Esce dal castello Sansonetto e subito viene sfidato in combattimento da Ruggiero. Il colpo che i cavalieri portano l’uno allo scudo dell’altro è molto duro, ma mentre lo scudo magico di Ruggero (quello in grado di abbagliare e per questo coperto da un telo) è impenetrabile ai colpi inflitti, l’altro viene spezzato e Sasonetto viene ferito e disarcionato.

Pinabello si avvicina in quel momento a Bradamante per chiedere chi fosse il valoroso cavaliere suo compagno. Il vile uomo è in sella al cavallo del quale si era impossessato dopo aver gettato la donna nella tomba di Merlino, è quindi facile per lei riconoscere il conte. Bradamante minaccia Pinabello di volergli dare il premio per il suo comportamento e sguaina così la spada. Lui fugge nella foresta ma è subito inseguito da lei.

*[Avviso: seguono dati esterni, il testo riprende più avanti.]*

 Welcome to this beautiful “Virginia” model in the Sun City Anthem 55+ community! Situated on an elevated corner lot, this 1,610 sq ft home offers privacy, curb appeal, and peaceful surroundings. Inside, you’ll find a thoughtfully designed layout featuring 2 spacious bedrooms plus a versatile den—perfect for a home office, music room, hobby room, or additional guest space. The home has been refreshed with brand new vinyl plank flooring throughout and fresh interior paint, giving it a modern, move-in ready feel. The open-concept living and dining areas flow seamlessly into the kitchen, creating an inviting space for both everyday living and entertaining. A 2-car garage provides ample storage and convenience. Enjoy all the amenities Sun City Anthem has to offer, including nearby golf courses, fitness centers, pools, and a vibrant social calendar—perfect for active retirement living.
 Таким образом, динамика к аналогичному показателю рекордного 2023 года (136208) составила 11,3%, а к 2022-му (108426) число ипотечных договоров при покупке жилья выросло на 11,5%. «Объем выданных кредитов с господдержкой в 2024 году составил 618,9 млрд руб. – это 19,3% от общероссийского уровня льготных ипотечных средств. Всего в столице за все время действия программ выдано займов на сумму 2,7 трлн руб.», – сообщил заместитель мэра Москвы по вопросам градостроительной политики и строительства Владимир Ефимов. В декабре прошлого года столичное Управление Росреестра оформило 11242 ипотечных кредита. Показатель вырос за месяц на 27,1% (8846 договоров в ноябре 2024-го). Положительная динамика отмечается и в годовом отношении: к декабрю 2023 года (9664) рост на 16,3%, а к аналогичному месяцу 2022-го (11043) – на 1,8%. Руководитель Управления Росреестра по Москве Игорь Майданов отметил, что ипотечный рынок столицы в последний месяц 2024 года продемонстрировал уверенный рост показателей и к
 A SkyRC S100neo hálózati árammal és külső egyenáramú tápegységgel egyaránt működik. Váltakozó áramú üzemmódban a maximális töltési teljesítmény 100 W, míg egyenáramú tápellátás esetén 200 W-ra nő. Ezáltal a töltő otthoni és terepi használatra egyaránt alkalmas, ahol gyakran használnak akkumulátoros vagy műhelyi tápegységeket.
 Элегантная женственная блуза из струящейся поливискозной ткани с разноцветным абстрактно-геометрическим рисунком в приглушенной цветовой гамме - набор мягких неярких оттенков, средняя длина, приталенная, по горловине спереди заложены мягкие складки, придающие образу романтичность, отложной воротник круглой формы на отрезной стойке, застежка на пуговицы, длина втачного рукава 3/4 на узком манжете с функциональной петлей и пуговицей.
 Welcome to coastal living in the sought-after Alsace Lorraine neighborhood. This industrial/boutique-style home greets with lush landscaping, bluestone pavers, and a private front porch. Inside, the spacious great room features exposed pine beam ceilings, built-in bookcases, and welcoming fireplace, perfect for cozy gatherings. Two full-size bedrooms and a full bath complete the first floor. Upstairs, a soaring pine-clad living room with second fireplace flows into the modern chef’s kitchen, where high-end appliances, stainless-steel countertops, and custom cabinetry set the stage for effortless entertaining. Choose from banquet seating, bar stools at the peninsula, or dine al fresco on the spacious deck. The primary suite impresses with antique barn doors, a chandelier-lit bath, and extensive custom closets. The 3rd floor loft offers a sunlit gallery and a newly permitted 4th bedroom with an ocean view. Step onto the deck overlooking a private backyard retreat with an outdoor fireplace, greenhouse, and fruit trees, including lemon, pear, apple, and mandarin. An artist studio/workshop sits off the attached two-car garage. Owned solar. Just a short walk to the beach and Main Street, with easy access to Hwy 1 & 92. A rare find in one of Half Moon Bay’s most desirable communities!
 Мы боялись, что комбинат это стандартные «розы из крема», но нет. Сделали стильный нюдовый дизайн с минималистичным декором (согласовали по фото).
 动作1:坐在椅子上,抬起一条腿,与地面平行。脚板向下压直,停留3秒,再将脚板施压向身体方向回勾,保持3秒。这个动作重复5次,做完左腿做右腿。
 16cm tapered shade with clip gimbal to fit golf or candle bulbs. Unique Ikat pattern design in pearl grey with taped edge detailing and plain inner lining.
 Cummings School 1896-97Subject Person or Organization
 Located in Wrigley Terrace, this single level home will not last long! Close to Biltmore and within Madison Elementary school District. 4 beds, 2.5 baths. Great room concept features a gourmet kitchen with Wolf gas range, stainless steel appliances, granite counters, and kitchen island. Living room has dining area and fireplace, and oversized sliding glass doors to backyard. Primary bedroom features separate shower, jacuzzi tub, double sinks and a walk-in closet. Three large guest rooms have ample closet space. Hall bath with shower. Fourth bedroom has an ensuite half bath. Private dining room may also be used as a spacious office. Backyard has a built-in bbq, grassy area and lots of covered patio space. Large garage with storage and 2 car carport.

Intanto, sconfitto Sansonetto, dal castello escono gli altri tre cavalieri che, secondo le regole e con loro profonda vergogna, combatteranno ora contemporaneamente contro Ruggiero. Durante lo scontro tra il pagano e Grifone, il cristiano viene disarcionato e con la propria lancia strappa il velo che ricopre lo scudo magico. Il colpo di Aquilante completa l’opera e viene così liberato il grande splendore in grado di fare cadere tutti svenuti, e così succede anche in quel caso.
Accortosi dell’accaduto, Ruggiero ricopre lo scudo con un altro velo, prende con sé la donna, ora tramortita, che li aveva guidati lì e riparte lungo la via. Crede infatti che Bradamante abbia approfittato della confusione per procedere oltre ed arrivare in tempo per salvare la vita del ragazzo.
Tanto il pagano si vergogna di aver ottenuto la vittoria non grazie al proprio valore, che trovato sulla propria strada un pozzo, subito corre a gettarvi dentro lo scudo.

Bradamante nel frattempo aveva raggiunto ed ucciso il conte Pinabello. La donna non riuscì però a ritrovare la strada per ritornare là dove aveva lasciato l’amante; vagherà pertanto a lungo nel bosco.